:: ABOUT THIS TASK ::
Everything below from the line with "Šai brošai ir" through the line with "2020年7月17日上午,中" must be retyped exactly, except the pictures.

:: RECORDS ::
• • • • •

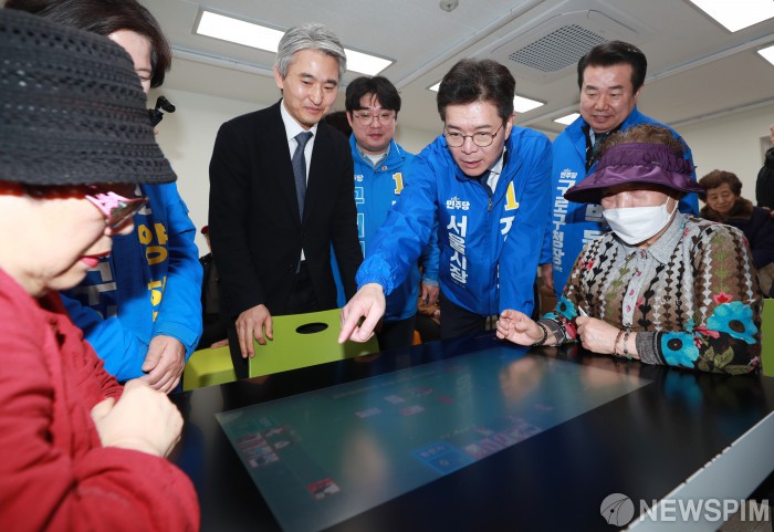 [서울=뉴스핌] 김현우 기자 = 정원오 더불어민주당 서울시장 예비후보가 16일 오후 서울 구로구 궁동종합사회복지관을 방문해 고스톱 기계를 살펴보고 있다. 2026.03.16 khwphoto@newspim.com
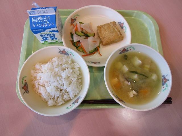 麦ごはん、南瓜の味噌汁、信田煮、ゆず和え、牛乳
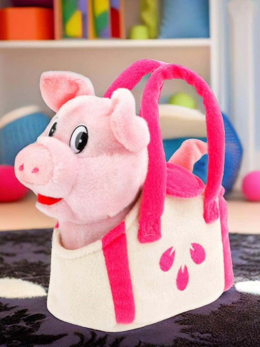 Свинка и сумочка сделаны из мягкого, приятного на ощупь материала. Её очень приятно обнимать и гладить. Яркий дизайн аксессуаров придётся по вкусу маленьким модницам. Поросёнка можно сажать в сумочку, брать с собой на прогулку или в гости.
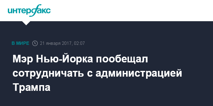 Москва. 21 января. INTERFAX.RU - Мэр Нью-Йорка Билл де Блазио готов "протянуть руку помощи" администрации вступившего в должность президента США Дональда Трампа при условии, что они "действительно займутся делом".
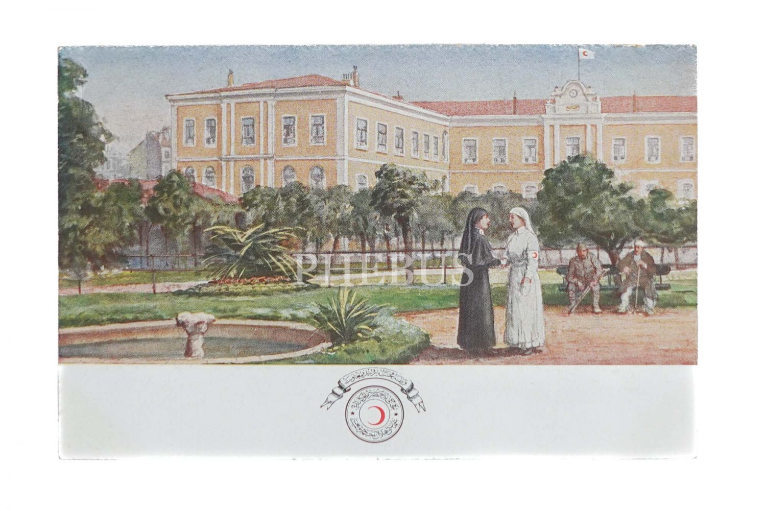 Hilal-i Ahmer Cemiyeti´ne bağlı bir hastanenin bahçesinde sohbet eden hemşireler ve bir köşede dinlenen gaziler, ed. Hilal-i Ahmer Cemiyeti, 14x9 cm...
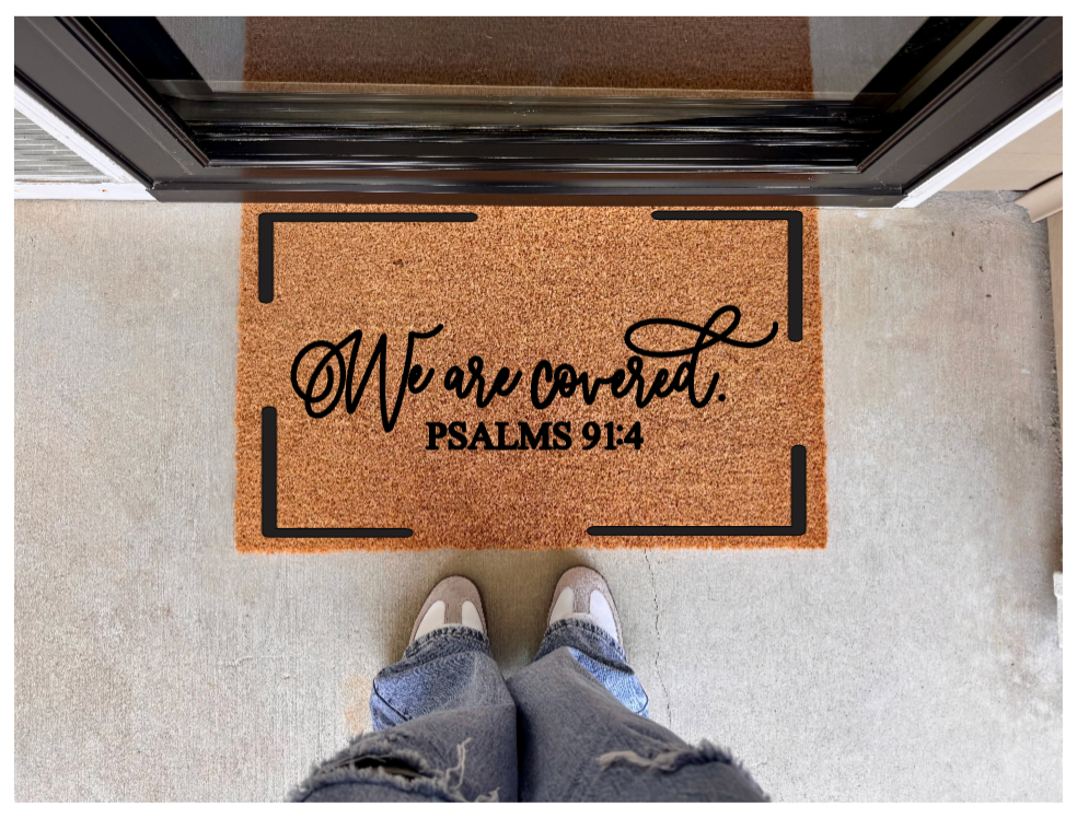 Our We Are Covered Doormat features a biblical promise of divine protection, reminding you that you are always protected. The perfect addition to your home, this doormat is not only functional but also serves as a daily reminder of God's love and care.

• • • • •

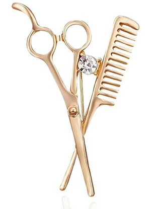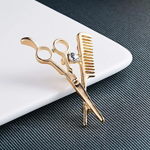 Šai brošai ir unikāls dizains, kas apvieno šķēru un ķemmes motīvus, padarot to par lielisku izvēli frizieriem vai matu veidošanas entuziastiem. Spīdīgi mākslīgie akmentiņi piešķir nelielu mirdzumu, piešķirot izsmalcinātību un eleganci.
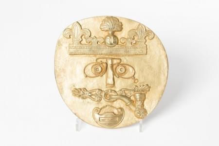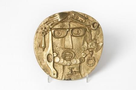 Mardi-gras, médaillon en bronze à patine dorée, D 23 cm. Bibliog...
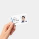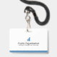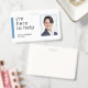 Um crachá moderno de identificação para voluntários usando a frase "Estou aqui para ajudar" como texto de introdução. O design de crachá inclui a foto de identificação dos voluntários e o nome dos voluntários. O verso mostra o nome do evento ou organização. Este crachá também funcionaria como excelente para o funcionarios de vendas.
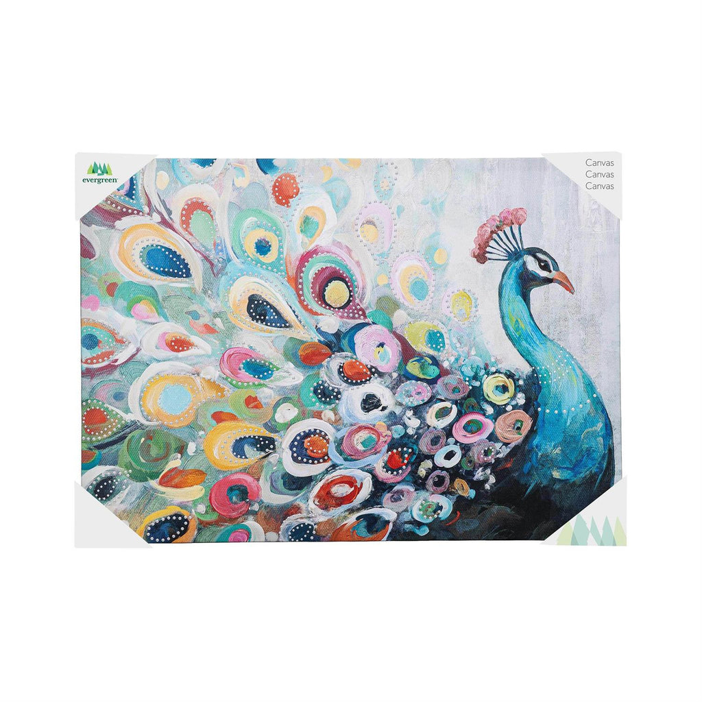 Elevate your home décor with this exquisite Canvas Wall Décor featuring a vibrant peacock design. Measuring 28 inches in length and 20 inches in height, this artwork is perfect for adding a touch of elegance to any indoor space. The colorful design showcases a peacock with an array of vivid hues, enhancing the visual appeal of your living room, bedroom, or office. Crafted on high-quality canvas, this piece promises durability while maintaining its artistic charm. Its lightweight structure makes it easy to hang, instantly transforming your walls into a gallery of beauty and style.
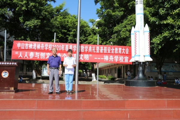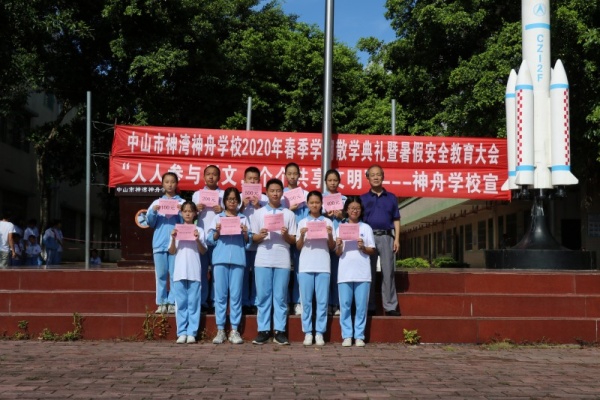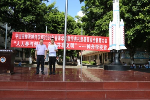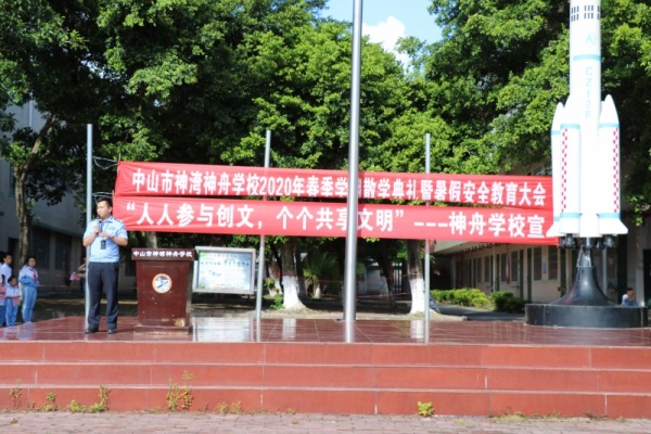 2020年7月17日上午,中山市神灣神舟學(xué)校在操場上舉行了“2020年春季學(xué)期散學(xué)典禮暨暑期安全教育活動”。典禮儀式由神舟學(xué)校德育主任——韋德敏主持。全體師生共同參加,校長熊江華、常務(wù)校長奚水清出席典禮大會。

• • • • •

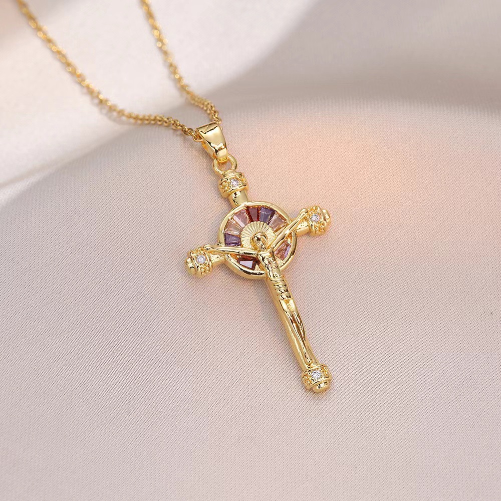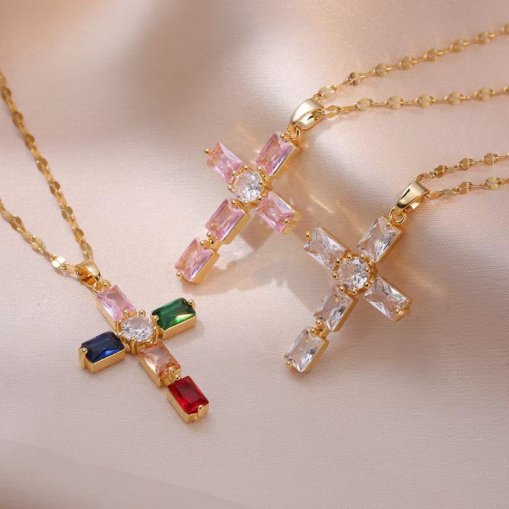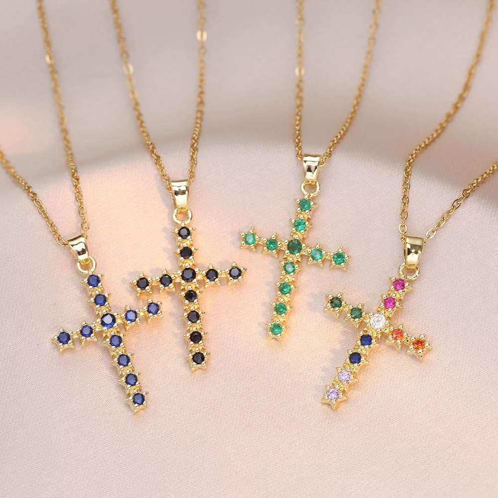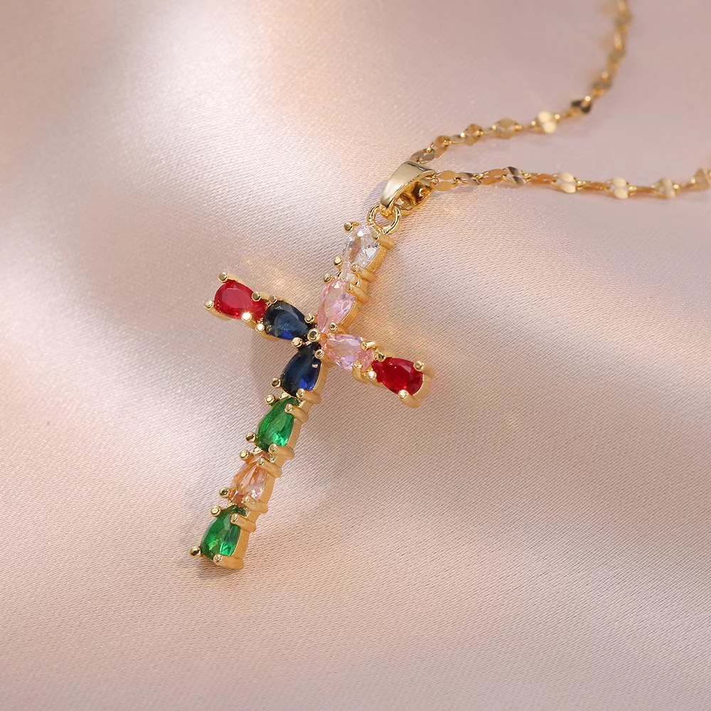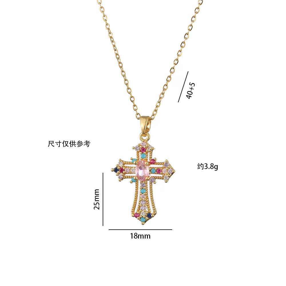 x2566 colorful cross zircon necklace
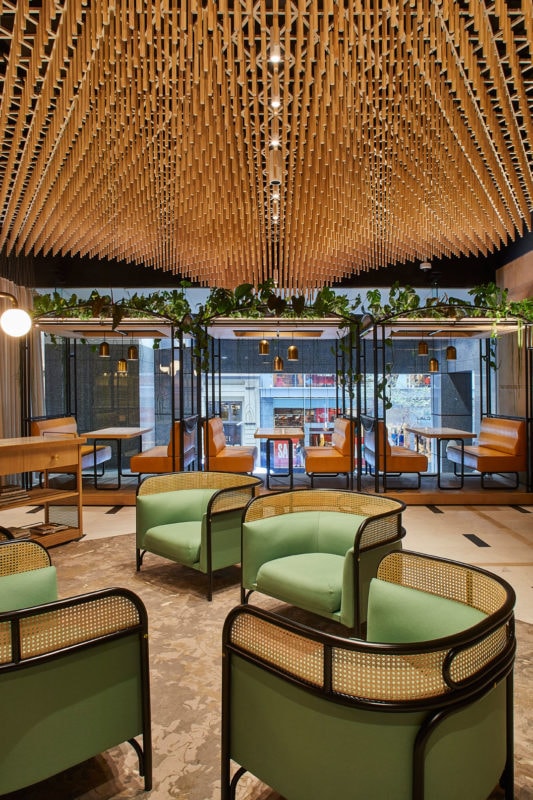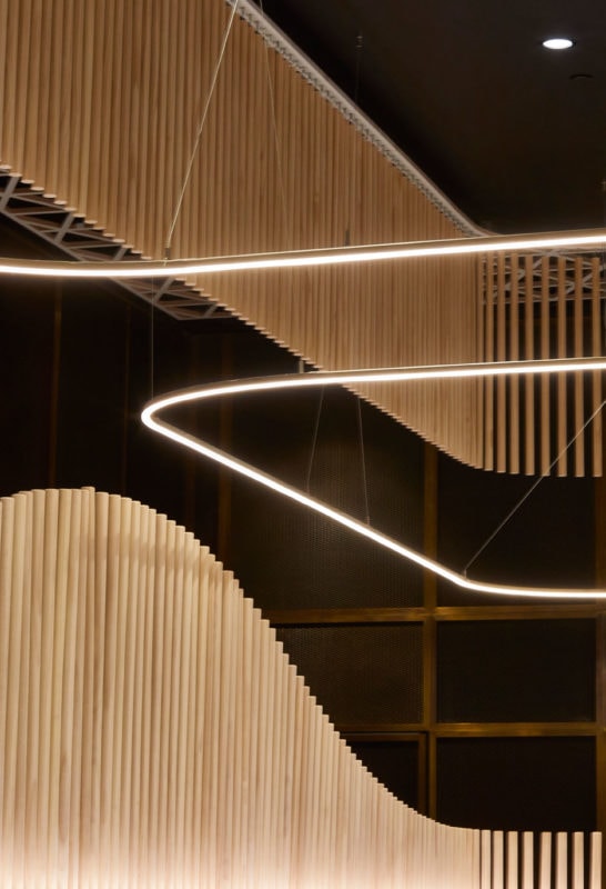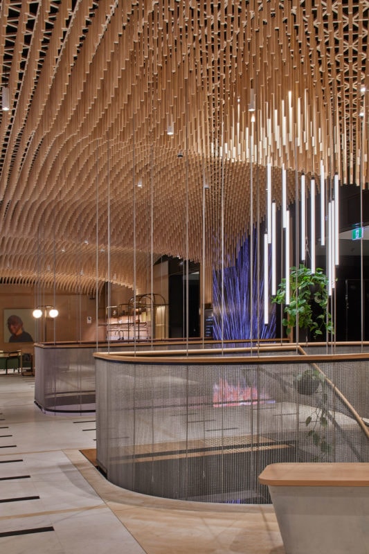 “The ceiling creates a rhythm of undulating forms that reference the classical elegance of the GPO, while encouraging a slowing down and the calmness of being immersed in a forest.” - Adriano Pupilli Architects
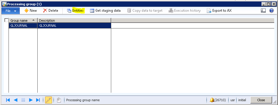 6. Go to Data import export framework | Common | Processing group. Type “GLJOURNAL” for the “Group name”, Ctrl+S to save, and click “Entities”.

• • • • •

:: WRITTEN SOLUTION ::
 Šai brošai ir unikāls dizains, kas apvieno šķēru un ķemmes motīvus, padarot to par lielisku izvēli frizieriem vai matu veidošanas entuziastiem. Spīdīgi mākslīgie akmentiņi piešķir nelielu mirdzumu, piešķirot izsmalcinātību un eleganci.
 Mardi-gras, médaillon en bronze à patine dorée, D 23 cm. Bibliog...
 Um crachá moderno de identificação para voluntários usando a frase "Estou aqui para ajudar" como texto de introdução. O design de crachá inclui a foto de identificação dos voluntários e o nome dos voluntários. O verso mostra o nome do evento ou organização. Este crachá também funcionaria como excelente para o funcionarios de vendas.
 Elevate your home décor with this exquisite Canvas Wall Décor featuring a vibrant peacock design. Measuring 28 inches in length and 20 inches in height, this artwork is perfect for adding a touch of elegance to any indoor space. The colorful design showcases a peacock with an array of vivid hues, enhancing the visual appeal of your living room, bedroom, or office. Crafted on high-quality canvas, this piece promises durability while maintaining its artistic charm. Its lightweight structure makes it easy to hang, instantly transforming your walls into a gallery of beauty and style.
 2020年7月17日上午,中山市神灣神舟學(xué)校在操場上舉行了“2020年春季學(xué)期散學(xué)典禮暨暑期安全教育活動”。典禮儀式由神舟學(xué)校德育主任——韋德敏主持。全體師生共同參加,校長熊江華、常務(wù)校長奚水清出席典禮大會。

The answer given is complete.